Data Protection Officer
To support with information requests under current Data Protection Legislation and the Freedom of Information Act/Environmental Information Regulations, ensuring that requests are dealt with in accordance with legislation and within agreed timescales To conduct a programme of audits and report on the auditing of compliance across the Charity, To provide advice and take action, where necessary in response to audit findings and recommendations in respect of Information Governance.
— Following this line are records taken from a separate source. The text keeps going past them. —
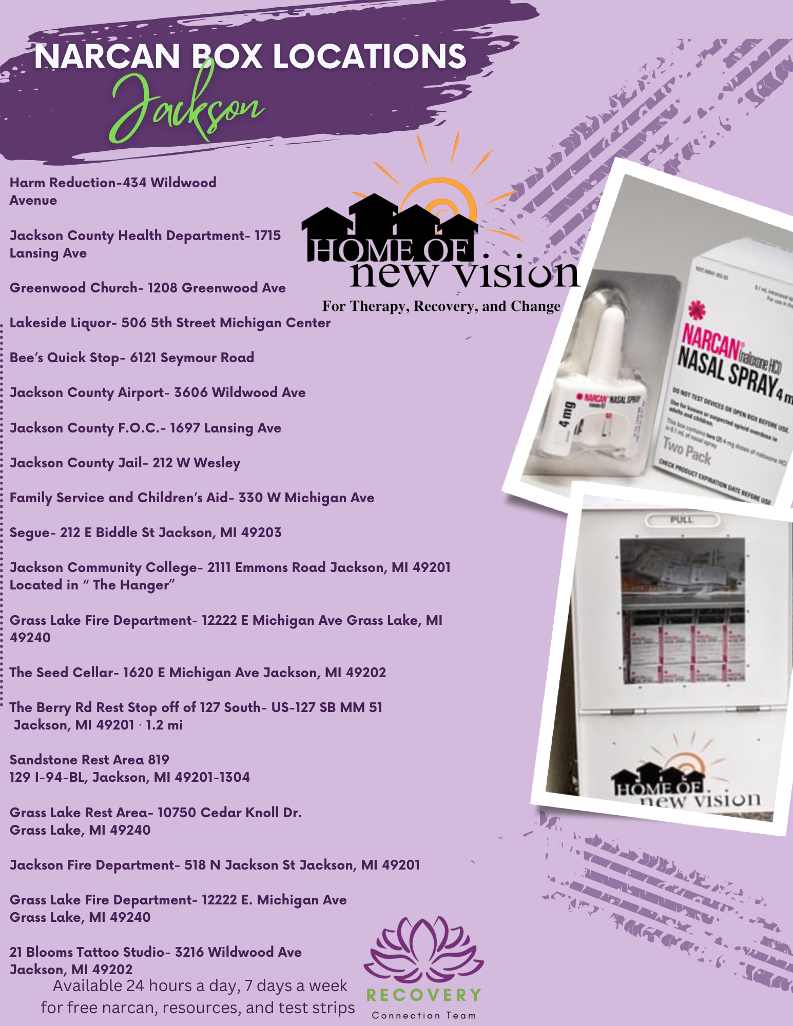 The Narcan box is stocked with Naloxone (commonly known as Narcan), a medication designed to rapidly reverse opioid overdoses, as well as informational literature on opioid addiction resources available within the Jackson community. Home of New Vision will be responsible for maintaining and restocking the box, ensuring continued access to these critical supplies.
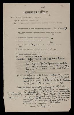 Referee's report by Sydney Chapman, on a paper 'Atmospheric oscillations and the resonance theory' by K Weekes and Maurice Vincent Wilkes
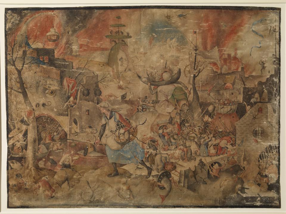 L’équipe pluridisciplinaire a mis au jour quelques découvertes qui actualisent les travaux de recherche effectués en 2011 et 2012. L’utilisation de techniques nouvelles et affinées lui a en effet permis de révéler et d’étudier une à une les couches de peinture. Les cartes de diffusion macro-XRF de cuivre et carbonate de calcium montrent que Breughel n’a pas tracé le mot Dul sur le panneau. Ces lettres - qui peuvent aussi être de simples éraflures dues au hasard - ont été apposées plus tard et ont été détectées ailleurs sur la toile. La datation du panneau a également été corrigée de deux ans. Le nettoyage et la suppression d’anciennes couches de peinture ont révélé que le tableau date de 1563 et non de 1561 comme on le pensait.
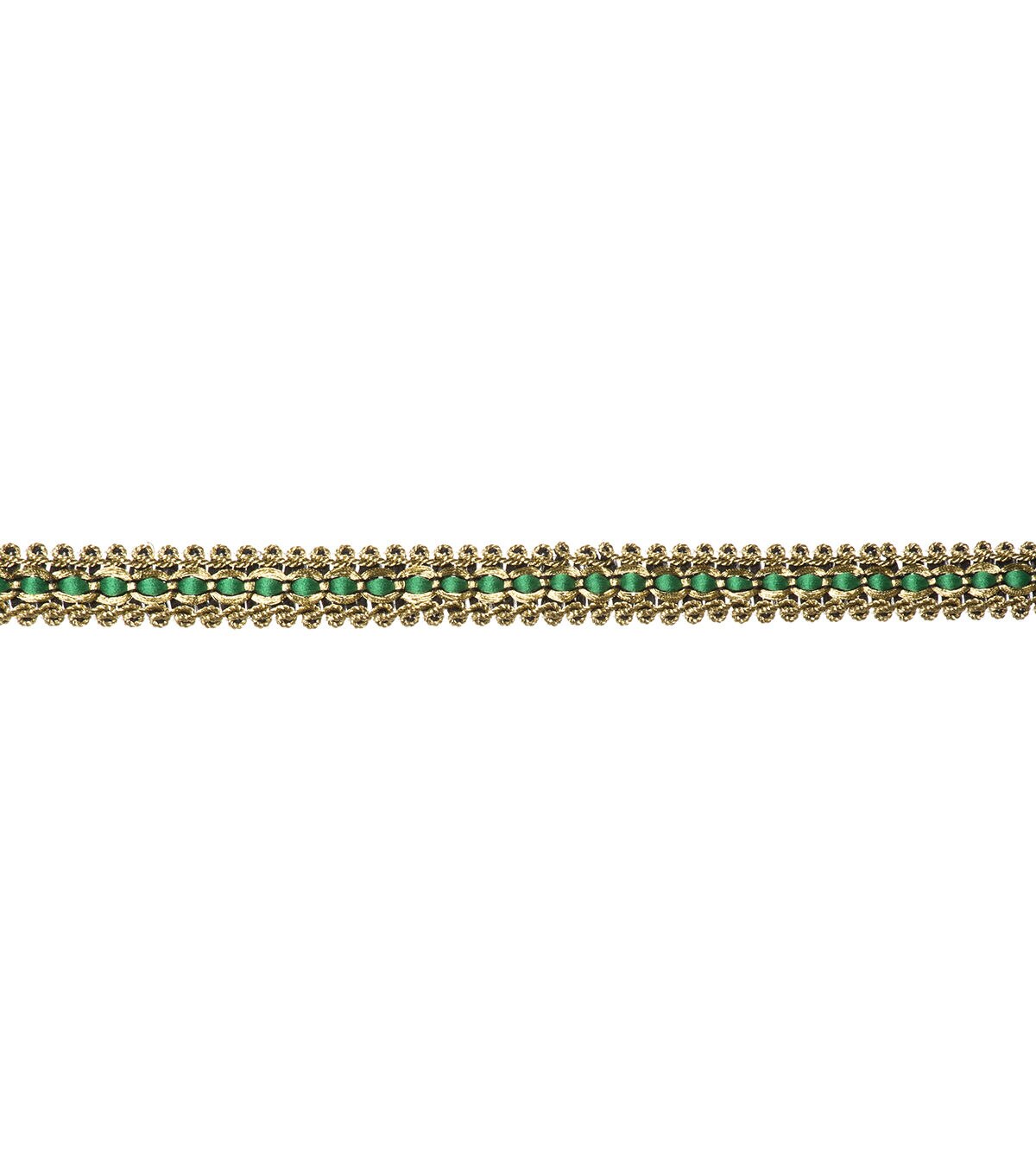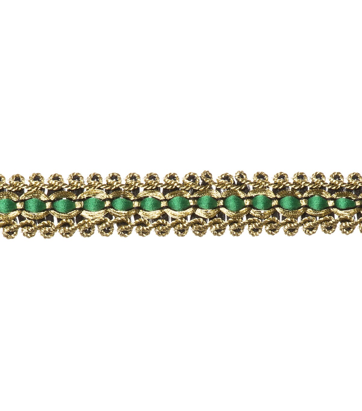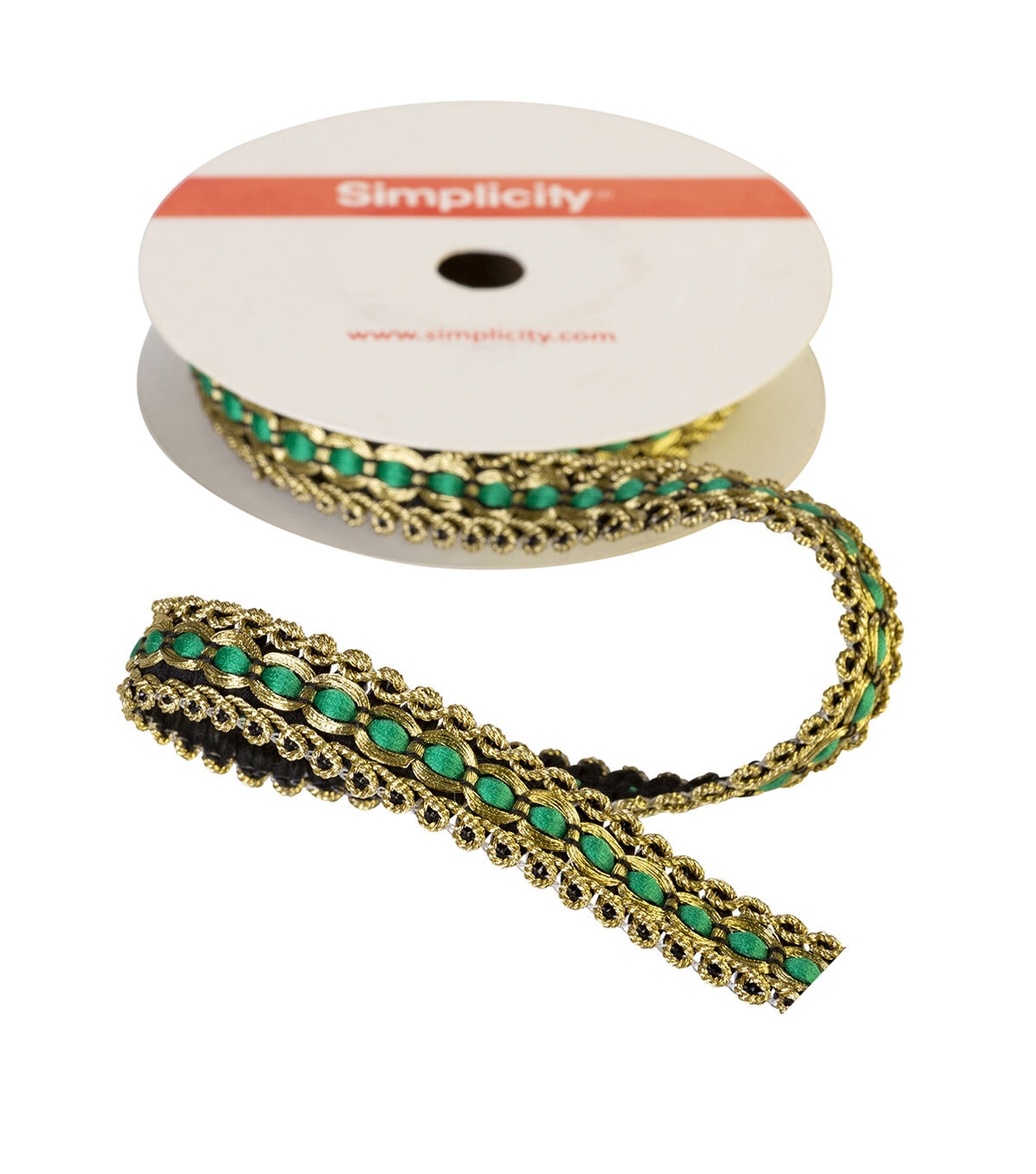 This 5/8 inch gold/emerald scroll trim in a polyester/nylon blend. Perfect fo apparel design, home décor inspirations and so much more!

To ensure Data Privacy Impact Assessments are carried out in line with Charity policy and monitor progression of all associated action plans and audits. To support in maintaining a comprehensive suite of policies and procedures to ensure the Charity has a comprehensive Information Governance framework To keep up to date on legislation relevant to information Governance and ensure that the necessary changes to Charity policies and procedures are proactively addressed.To ensure the Charity has a well-maintained information asset register, with assets being risk assessed and asset owners being trained appropriately for their role. To ensure appropriate action is taken where compliance issues are flagged. To ensure appropriate risk assessments are conducted in relation to personally identifiable information held by Charity suppliers and seek advice from the Charitys IT external contractors in relation to cyber security and general IT security risks.
To work with Managers, Heads of service and Directors to identify any new working practices required and to support the change programme to implement these. To support in the implementation of the overarching Charity Information Governance Strategy and Framework in support of statutory and regulatory requirements (e.g., Data Security and Protection (DSP) Toolkit and PCI DSS).